Every year we have a Red Hat Halloween party.  Last month we started to collect money, and I misplaced it.  It's not alot of money, but still, I can't afford to lose any.

Otherwise I have to say life is good, or I would just give up.  Some days are just tough, but overall, my family is the love of my life, they are in good health, and I am (minus the charley horses). 

There is Applefest this weekend.  I am sure I can't afford to go, but the weather is going to be beautiful, the last of our beautiful fall weather before the air turns cold.  Brrrrrrrrr!

Monday, October 4, 2010

Why I Haven't Blogged

I think I have a boring life.  I have been working and cleaning up after my garage sale (which is taking forever!)  I finished reading Angry Housewifes Eating Bon Bons.  This was a wonderful book, full of delightful characters.  It is about a book club who become the closest of friends over the decades.  I was really sorry when I finished the book and miss my friends!

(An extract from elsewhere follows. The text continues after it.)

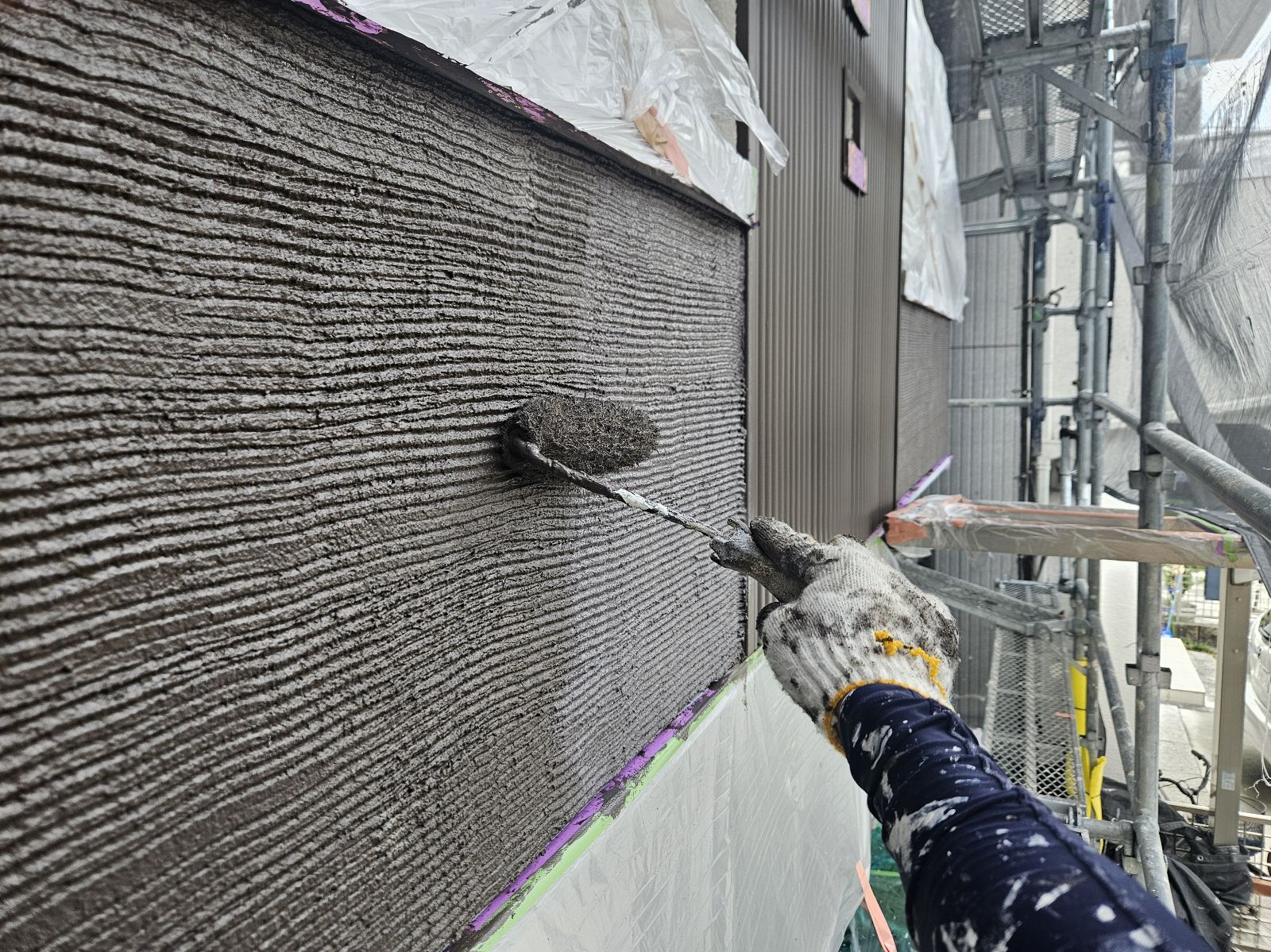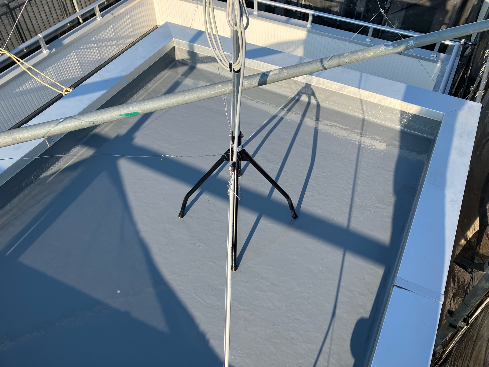 今回はまず、バルコニー・屋上ともにしっかりと防水処置(保護トップコートの再施工)を行い、建物の防水性能を確保。その上で、外壁には高耐久塗料の超低汚染プラチナリファイン2000MF-IRを採用しました。

My son got a job!  The place where he was doing his internship hired him as a part time IT specialist.  Part time is better than no time, and he has his foot in the door.

I am still worried about my sister and her family problems.  I cannot get into it, but please pray for her.

I am also concerned for my nephew who is losing so much weight and the doctors don't seem to know what is wrong with him.  I hope I can go to the doctor with him and tell the doctor to get on the stick!

I am starting another home based business, but not getting much of a favorable response.  I need to earn extra income, but can't spend alot of time on my feet since I broke my leg near my ankle.

Well, that's my boring life.  Maybe boring is good?